To take a personal example, my environmental work is rooted in my love of the earth and its life forms, and my personal experience that both the Earth and many elements within it that our society deems inert are in fact sentient and aware, from mountains and oceans to trees and flowers. I have had experiences that this is so.
But I cannot reliably guarantee similar experiences to people who have not had encounters like mine. So I seek to discover arguments enabling us to agree on concrete outcomes even if their motivations will be as limited by their own experiences and individuality as mine are. Doing so requires me to try and find commonalities between myself and others, bridges over which we can come to agreements.
When I cannot do this I would argue my position may remain a strong personal value, but I have no right to argue others must adopt it. Those who would argue others do have to adopt it have made themselves the enemy of their fellow citizens, the enemy of democracy, and the enemy of everything I have experienced that could be called spiritual.



posted February 5, 2009 at 3:07 am
I would concur with you regarding the importance of logical and moral suasion in political discourse. The problem with the religious right is that they do not content themselves with this approach. If they can’t convince or convert the public, then they’ll attempt to seize control of the machinery of government and use it to impose upon everybody conformity with their own beliefs and values.
We see this in action at all levels, from boards of education that have been hijacked by know-nothing knuckle-draggers for the purpose of forcing schools to teach “creation science,” to the federal “global gag rule” (recently revoked) that prohibited funding for overseas organizations that provide abortions or that make information about abortion available (more on this at http://blog.beliefnet.com/pontifications/2009/01/obamas-mexico-city-repeal-a-pr.html)
You wrote, “When I cannot do this I would argue my position may remain a strong personal value, but I have no right to argue others must adopt it.” Unfortunately, this view is not shared by the sort of person whose bumper sticker reads, “The Bible says it, I believe it, that settles it.”
posted February 5, 2009 at 11:00 am
This situation is broader than religion. I may believe that stem cells should be used to fix spinal cord injuries because I have a friend in a wheelchair. I can’t use that as a general political argument that everyone should accept.

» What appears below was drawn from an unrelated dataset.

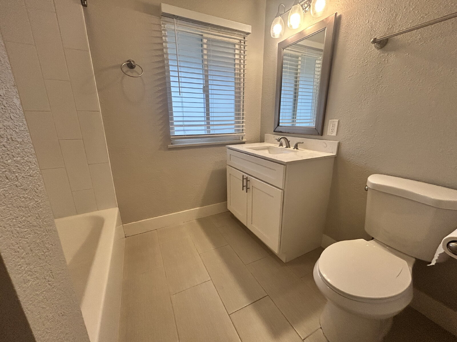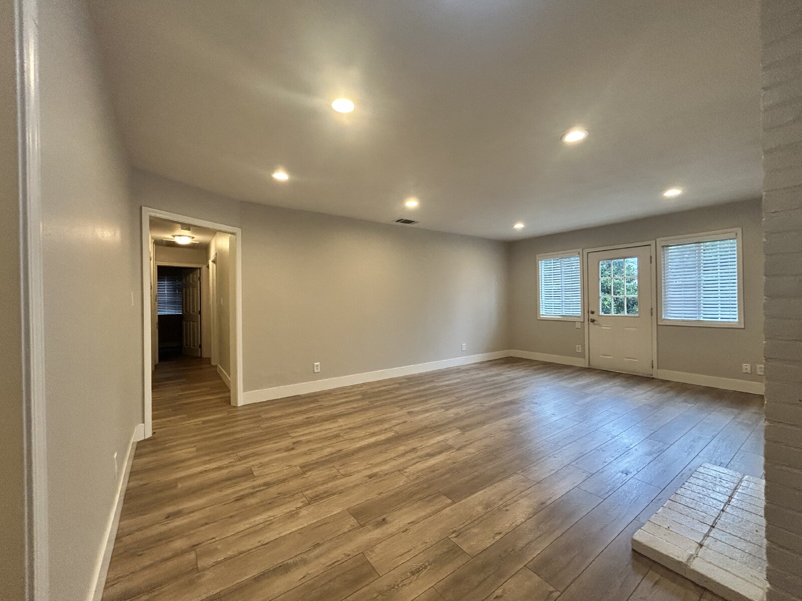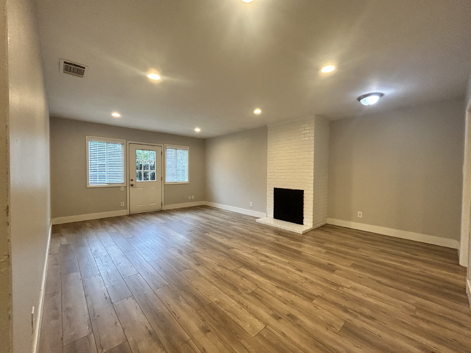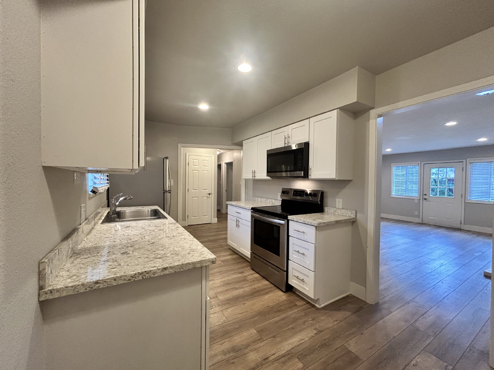 Step inside to luxury vinyl plank flooring throughout and enjoy the bright, modern feel created by LED recessed lighting in every room. The updated kitchen features sleek quartz countertops, stainless steel appliances, and plenty of cabinet space—perfect for everyday living and entertaining. The open living room includes a decorative fireplace and provides direct access to a spacious backyard, ideal for relaxing or hosting gatherings. The bathroom offers a convenient tub and shower combination.

BTW your software is putting “Your Name” at the top of posts.
Baruch Dreamstalker
posted February 5, 2009 at 11:27 am
I seems to me that both our being Pagans and our tending to be either progressive or Libertarian spring from the same generally common philosophy: We tend to believe that Man is perfectable… while Conservatives and Fundamentalists believe that Man is sinful by nature. Thus they believe that morals must be forced whereas we believe that given a fair choice people will generally do right.
I know I am generalizing a great deal here but I think there is a valid core of truth there.
posted February 6, 2009 at 12:25 am
To Your Name
That is why the ‘Christian Right’ is fundamnentally undemocratic.
To Baruch Dreamstalker-
Your example of your friend explains why you are particularly concerned with that issue. You can expand on it when talking to other by reminding them it could happen to their friends as well, or trying to elicit their empathy for your friend and others in a similar situation. Seems to me it is a good general argument.
What motivates us personally can often be put in broader terms other can relate to.
To Jaundiced-
Man may be perfectible, but not in this life. I think too many things get in the way – not that I am quite sure what a perfect person would be.